MAIN OUTCOMES AND MEASURES: Fiberoptic videolaryngoscopy with modified scoring system, voice assessment using the GRBAS (grade, roughness, breathiness, asthenia, strain) rating scale, vocal self-assessment using the 30-item Voice Handicap Index, and subjective pain score.
RESULTS: At 24 hours, no significant differences were found between patients in groups 1 and 2 in change in GRBAS scores, change in laryngoscopic score (1.71 vs 1.76, P = .90), or postoperative pain score (3.3 vs 3.2, P = .91). At 3 weeks, no significant differences were found in changes in the 30-item Voice Handicap Index score (-2.2 vs -1.3, P = .74), GRBAS scores, or laryngoscopic score (0.25 vs 0.16, P = .67).

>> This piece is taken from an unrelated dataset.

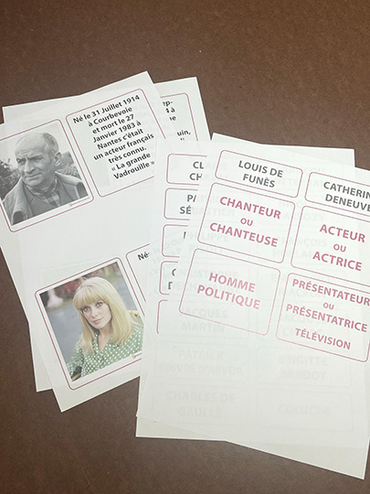 Ce jeu regroupe 30 cartes de célébrités issues des domaines de la télévision, du monde politique, de la chanson et du cinéma. Pour chacune d’elle une définition permet de trouver le personnage et de le classer dans sa catégorie en lui attribuant le bon nom.

CONCLUSIONS AND RELEVANCE: We did not find evidence that smaller ETT size for thyroidectomy has any significant effect on postoperative vocal outcomes, incidence of laryngeal trauma as assessed by laryngoscopy, or pain scores. However, because of the small sample size, our study may have been underpowered to detect small differences.
TRIAL REGISTRATION: clinicaltrials.gov Identifier: NCT02136459.

PMID: 26158868 [PubMed - indexed for MEDLINE]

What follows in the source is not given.